November 18, 1996
Media Contact: Michael Purdy
Phone: (410) 955-8725
Mice engineered with a human gene linked to an inherited form of Alzheimer's Disease (AD) produce more of the main ingredient of a substance called amyloid found in the brains of AD patients, according to Johns Hopkins researchers.
"We found that mice with this particular mutant gene produced 50 percent more A-beta42(43), the long form of the A-beta amyloid peptide," says David Borchelt, Ph.D., an assistant Hopkins professor of pathology.
A-beta peptides are part of the protein known as amyloid-precursor protein or APP. Working with researchers at the National Cancer Institute, Borchelt, Gopal Thinakaran, Ph.D., and the Mayo Clinic's Chris Eckman, Ph.D., developed genetically engineered mice and a line of cultured cells that carry parts of a human gene for APP and human genes for another AD-related protein, presenilin-1.
The new finding, scheduled to be presented at the Society for Neuroscience's annual meeting, suggests a cascade of events in the development of AD that could be targeted for drug treatment. The study was funded by the National Institutes of Health, the National Institute on Aging and the Adler Foundation.

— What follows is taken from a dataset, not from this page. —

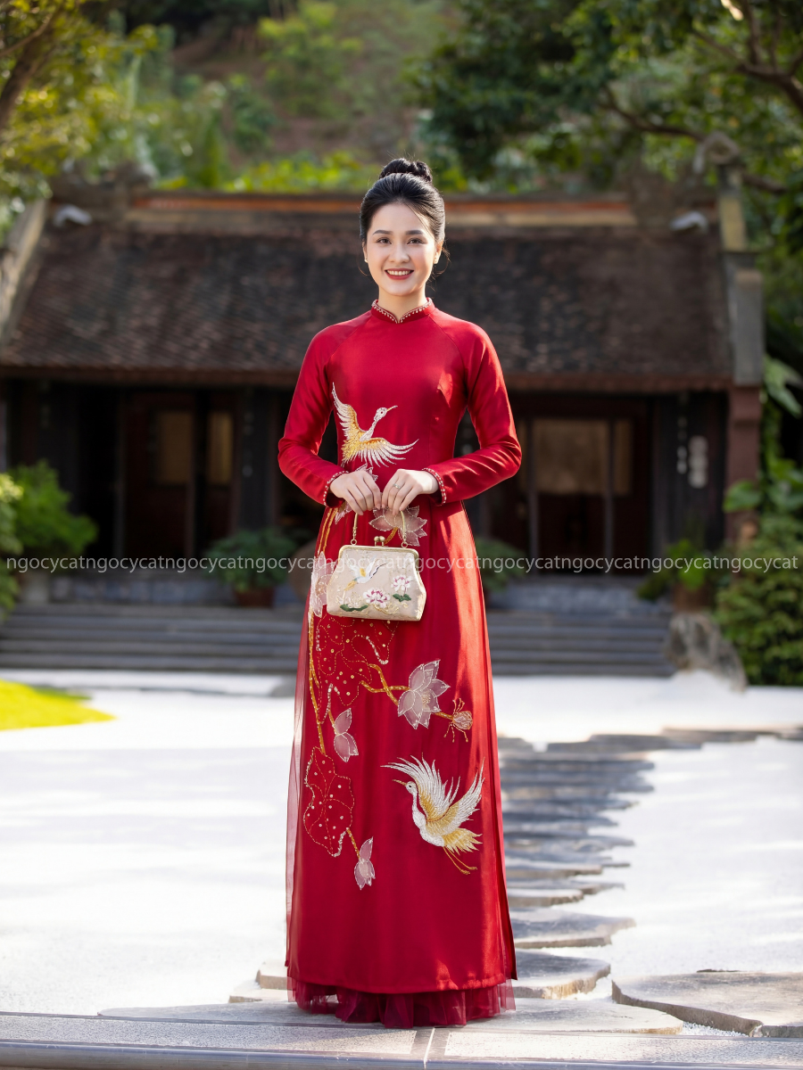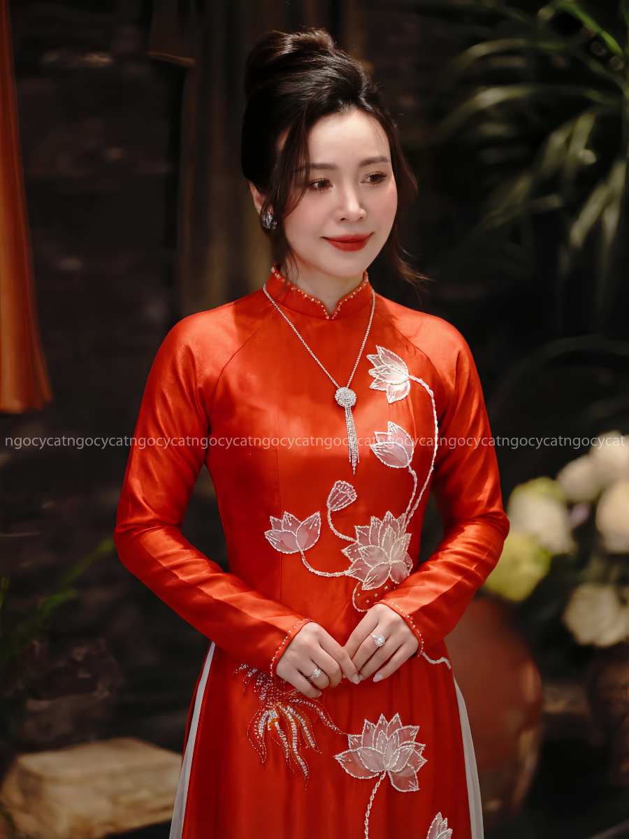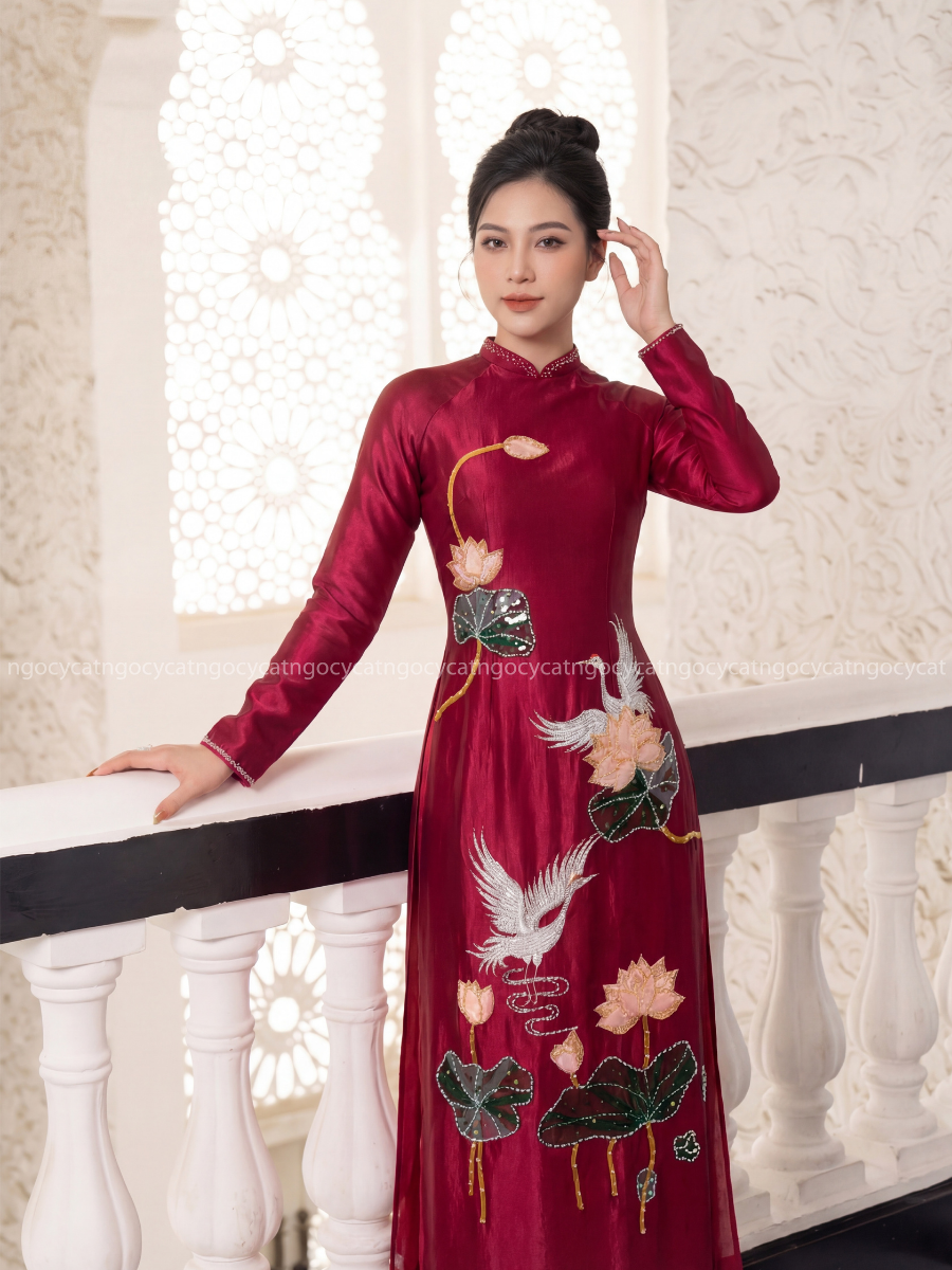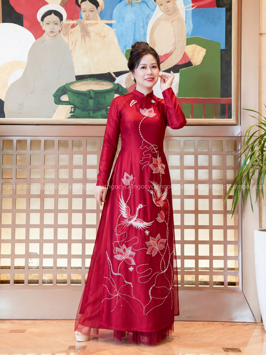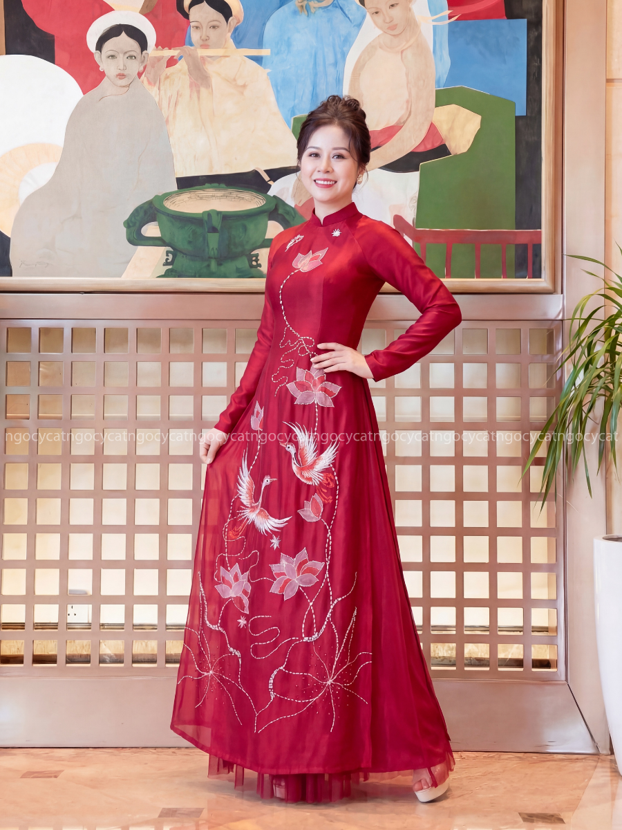 Áo dài nhung mang đến vẻ đẹp cổ điển và sang trọng. Chất liệu nhung mềm mại, có độ bóng nhẹ giúp bộ trang phục trở nên nổi bật hơn dưới ánh sáng của buổi lễ.

Researchers created two types of mice: one with a normal presenilin-1 gene and one with a mutated presenilin-1 gene. Mutations in presenilin-1 and a related protein, presenilin-2, are linked to FAD, which strikes patients unusually early in life.
"We think presenilin-1 somehow regulates the process that chops up APP and produces A-beta peptides," says Borchelt.
"This is an exciting discovery because it gives us a tool to explore the mechanisms by which cells produce amyloid peptides," says Thinakaran.
Borchelt and his colleagues plan to monitor the mice, now seven months old, for characteristics and symptoms of AD, and for the links between presenilin-1 and APP.